A three-step search was undertaken of published English-language studies in six online scientific databases from inception to March 2018 (CINAHL, Embase, Ovid MEDLINE, Scopus, SPORTDiscus, and Web of Science). In addition, the reference lists of all identified studies and other known review papers relevant to the topic were searched to identify additional studies that may have been missed by the original search. In order to obtain the level of methodological detail required, book chapters, opinion articles, reviews, unpublished works, abstracts, short reports, and case-studies were not considered. The keywords applied in the literature search are shown in Table 1.
Table 1. Search strategy for the systematic review on the effect of dietary sodium intake during exercise on endurance performance

2.2. Eligibility Criteria

Eligibility criteria were established by the researchers a priori in accordance with the Participant Intervention Comparator Outcomes Study (PICOS) design format [21]. Original field observational studies and/or laboratory-controlled trials, presenting quantified data on endurance performance, within an exercise protocol of more than 1 h duration, from participants exercising with two or more levels of sodium intake during exercise were considered for the review. Studies were suitable for inclusion if they involved either a time trial or distance-test, or time to exhaustion performance test, either as the entire exercise bout or following a period of steady state exercise. After duplicates were removed, the titles and abstracts were reviewed by two researchers against the eligibility criteria (Figure 1).
Figure 1. PRISMA diagram, showing the inclusion and exclusion of papers in the review

2.3. Data Extraction

Relevant data was extracted by two researchers and cross-checked.
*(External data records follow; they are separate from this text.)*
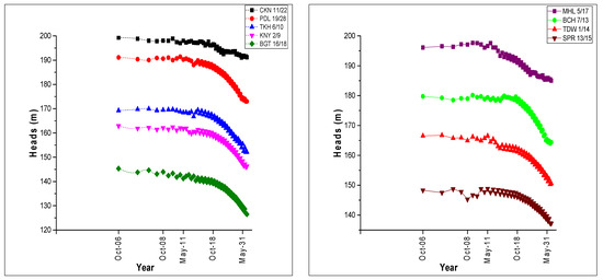 During the last 4 decades, this has not only caused groundwater levels to decline, but the lateral movement of saline groundwater from adjoining areas has also deteriorated the quality of fresh groundwater in many regions of the Indus Plain [23]. Thus, the sustainable management of groundwater will be a more severe and challenging issue for the country in times to come, contrary to groundwater development [24]. It has been estimated that in the entire Punjab Province of Pakistan, during the post-SCARPS period, the groundwater table decreased by 5–7 m on average, whereas more than 50% of the irrigated area of the province had a 6 m drop [11], and this declining trend continues at a rapid pace in most of the areas where groundwater is excessively pumped [25,26].
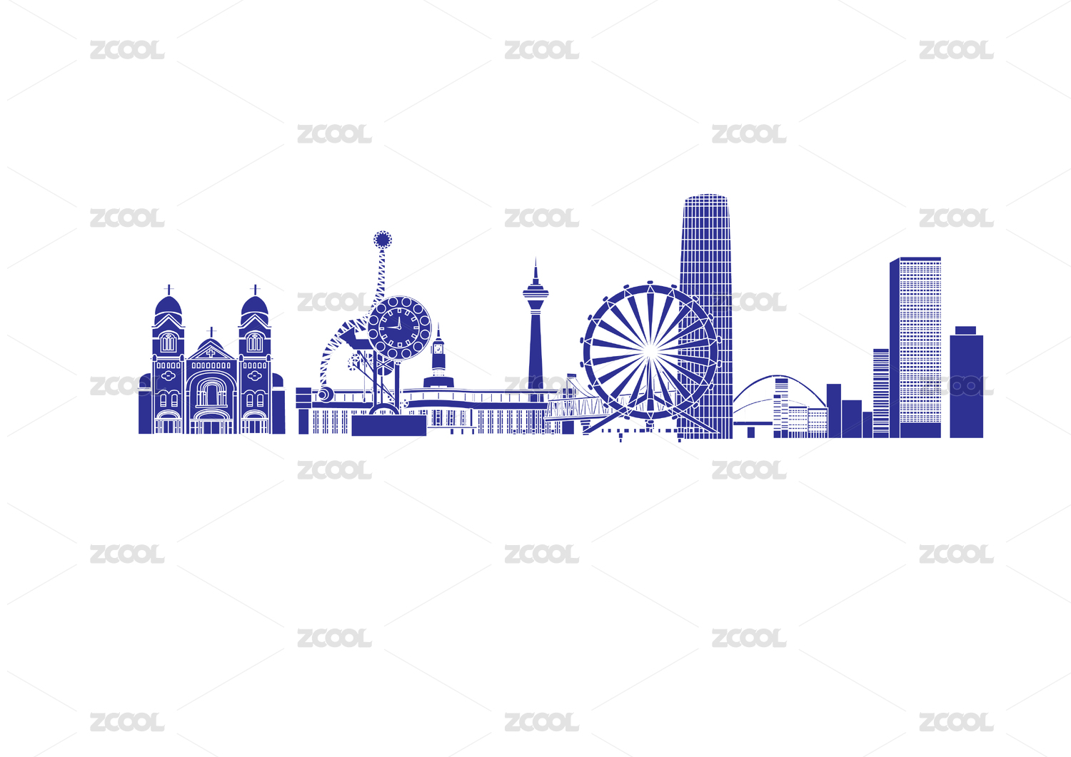 深蓝色天津城市风景建筑插画
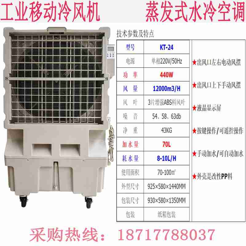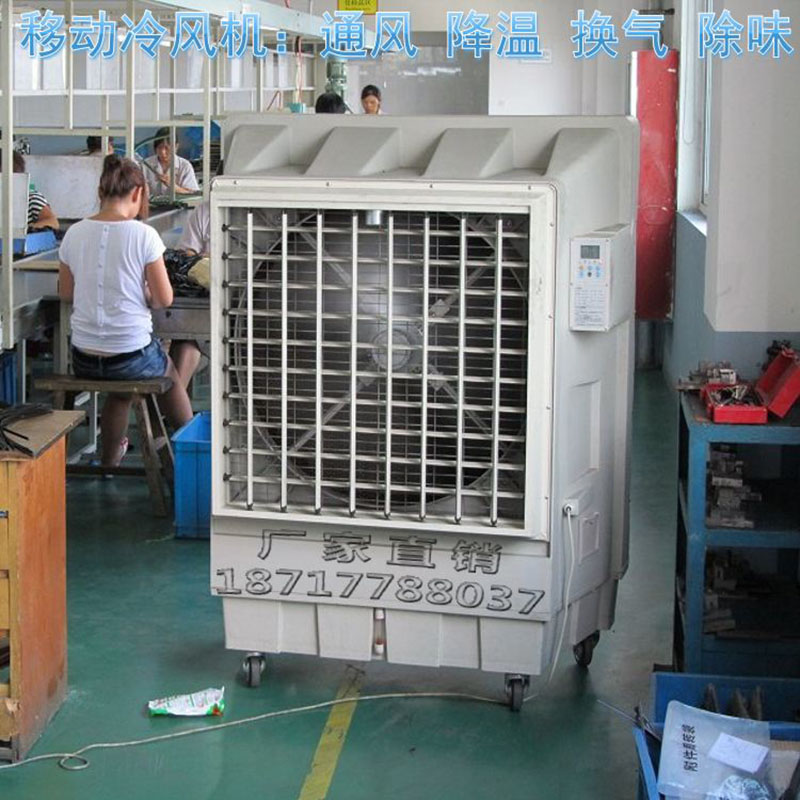 一、环保冷风机的产品特点:1、环保:无氟利昂,集除味、换气、通风、降温、调节温度、湿度于一体。2、节能:每小时耗电量仅0.4-1 度,运行成本低,耗电量只有传统压缩机空调的 1/8 。3、覆盖面积大:每台机器冷风覆盖面积达60-150m2,每小时送风量达8000-18000m3,送风量距离远。4、降温效果明显:一般可达5℃-15℃的降温效果,且降温迅速。5、投资少、效果大(可以节省中央空调80%的投资款)。6、使用场所可以不关闭门窗,可确保空气流通,增加空气中的含氧量。7、在干燥地区能适当调节空气湿度,提高舒适性。在纺织业、针织中也能减少断纱 ,提高产品合格率。

Variables extracted were the number of participants, age, training status (years of experience and V̇O2max where available); dietary intervention (sodium intake during exercise); exercise protocol used, including performance test; environmental conditions during the exercise bout; hydration status before and changes during the exercise bout; heart rate, perceived exertion, and outcomes of the performance test. During the data extraction process eligibility was again checked, and appropriate inclusion or exclusion action was taken. Any difference of opinion between researchers during the review process was resolved by discussion and consensus. Where possible, units were standardised by simple mathematical conversion. Data were not considered appropriate for further synthesis into a meta-analysis due to the absence of homogeneous outcome measures.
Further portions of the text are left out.